I stared down at the flesh on my left arm, the tender underside just before the elbow began. I stared at it with grass and sun in my eyes. A picnic of disbelief. And then the burn altered, turned into a train wreck, all distorted and puffy, changing from wet pink plaster to a bizarre railroad mess. My arm was a train wreck where I could see all of the people, bloody and confused, stumbling out of my skin like human rivulets. My eyes had watched in sheer horror as my arm became this sick mass of burning steel. Tons of luggage spilled all over the tracks. Babies crying.

“I caused a train wreck,” I sputtered out to Jack. Was all I knew.

He wasn’t going to do anything, just then. The swallowing of a whole bottle of aspirin later that night was the thing that really blew his chip.

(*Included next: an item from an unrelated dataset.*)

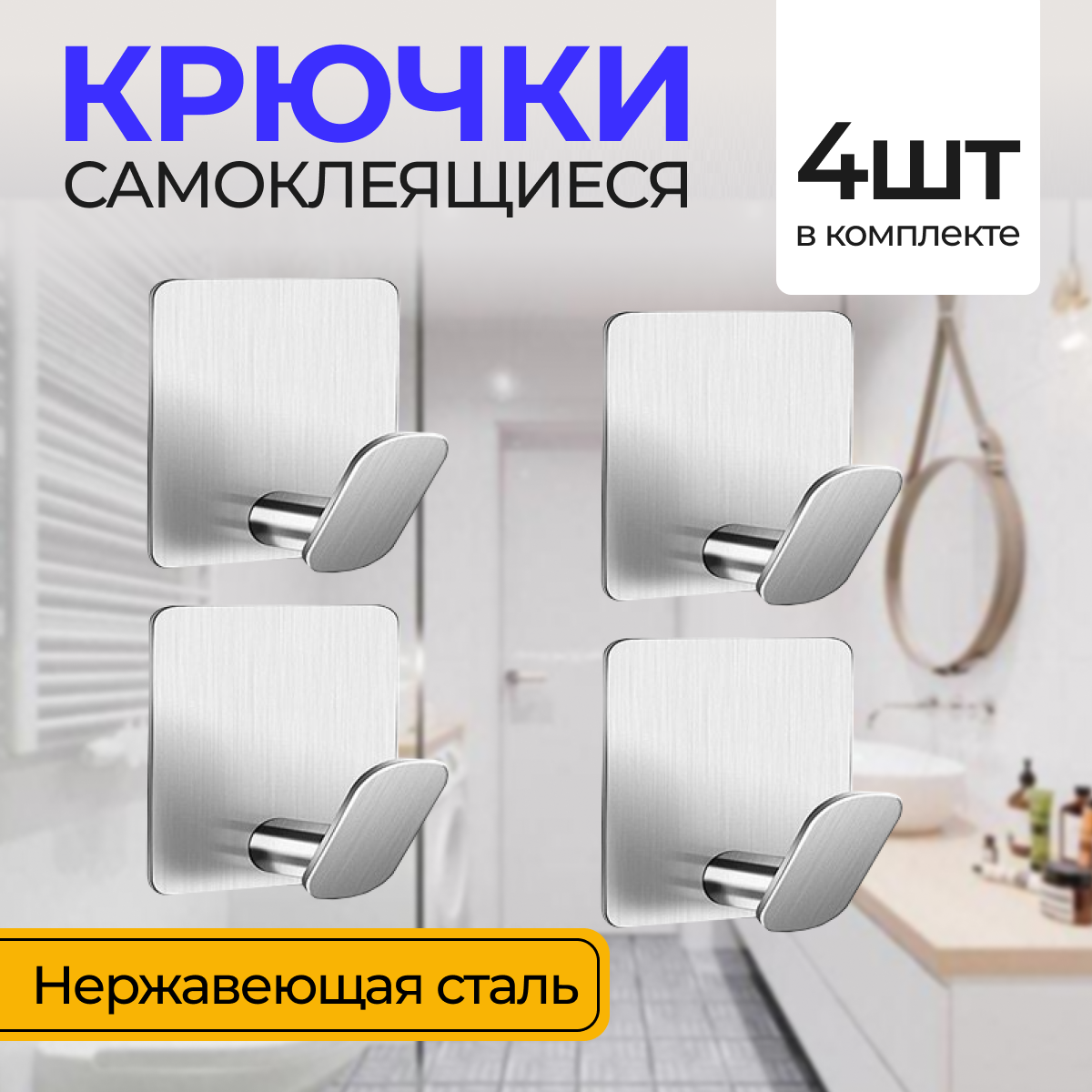 Крючки для ванной самоклеящиеся, 4 шт, серебристый/ Металлические вешалки для полотенец, одежды интересное:

He induced my vomiting. Didn’t want to take me to the hospital. He held me close next to the toilet, murmuring sweet nothings as I brought up the wet tablets. It was probably the sweetest things he ever said to me, and the closest he ever held me.

He promised me he would help me get through my mess. He promised he would take me out to live with him in his dead grandmother’s home, now his. We’d dance, grocery shop together, watch movies about silly, happy, G-rated families. He wasn’t going to leave me, whether or not I wanted him to.

Two weeks later, the night before I was to go with Jack to see “our new home” in Monroe, I dreamt I drank a shot of Vodka, and the whole world grinned at me with pearly tablets of aspirin in place of their teeth. We all sang old Leonard Cohen tunes and dug green dirt from the ground to eat. I awoke and turned on my side, stared briefly at snoring Jack.

Through the darkness I gazed at my arm, lying on the pillow next to my head, and stared at the thick milky scar still quite visible and still holding an odd yet distinct pain within its tissue. It stood out above my cobalt blue veins. Those hidden topaz rivers. Those rivers of life. And by taking note of these, my veins, I made a complete recognition of myself, Slade Warner, being still alive.

In the silence of that dim a.m. I moved my head across the pillow and kissed my train wreck.

Excerpt from a larger work. The title is taken from “First We Take Manhattan” by Leonard Cohen.